_Exercise instructions:_ No pictures belong in the copy. Set down exactly the lines from the one that contains "AH1 (20 557" through the end of the data.

_Supplied data:_
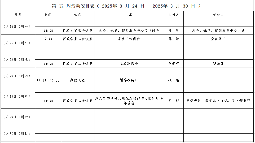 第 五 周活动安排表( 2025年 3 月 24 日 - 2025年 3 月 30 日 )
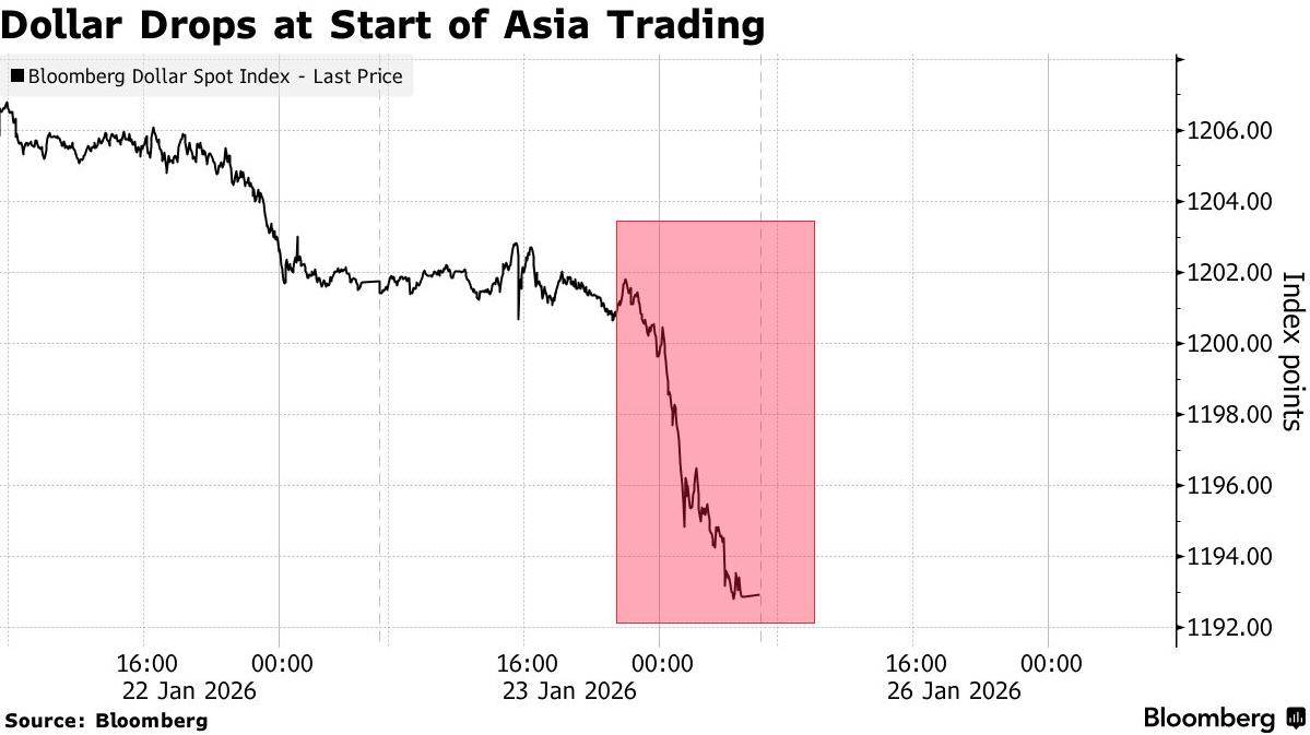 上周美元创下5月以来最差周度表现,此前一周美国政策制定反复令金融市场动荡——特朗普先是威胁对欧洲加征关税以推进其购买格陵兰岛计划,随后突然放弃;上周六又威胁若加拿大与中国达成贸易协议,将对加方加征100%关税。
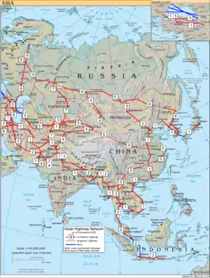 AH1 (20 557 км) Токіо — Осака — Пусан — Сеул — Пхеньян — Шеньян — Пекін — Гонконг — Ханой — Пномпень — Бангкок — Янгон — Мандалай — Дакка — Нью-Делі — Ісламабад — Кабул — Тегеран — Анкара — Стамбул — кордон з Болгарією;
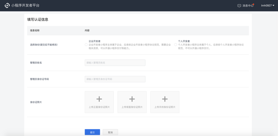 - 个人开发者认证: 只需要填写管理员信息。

_Exercise answer:_
 AH1 (20 557 км) Токіо — Осака — Пусан — Сеул — Пхеньян — Шеньян — Пекін — Гонконг — Ханой — Пномпень — Бангкок — Янгон — Мандалай — Дакка — Нью-Делі — Ісламабад — Кабул — Тегеран — Анкара — Стамбул — кордон з Болгарією;
 - 个人开发者认证: 只需要填写管理员信息。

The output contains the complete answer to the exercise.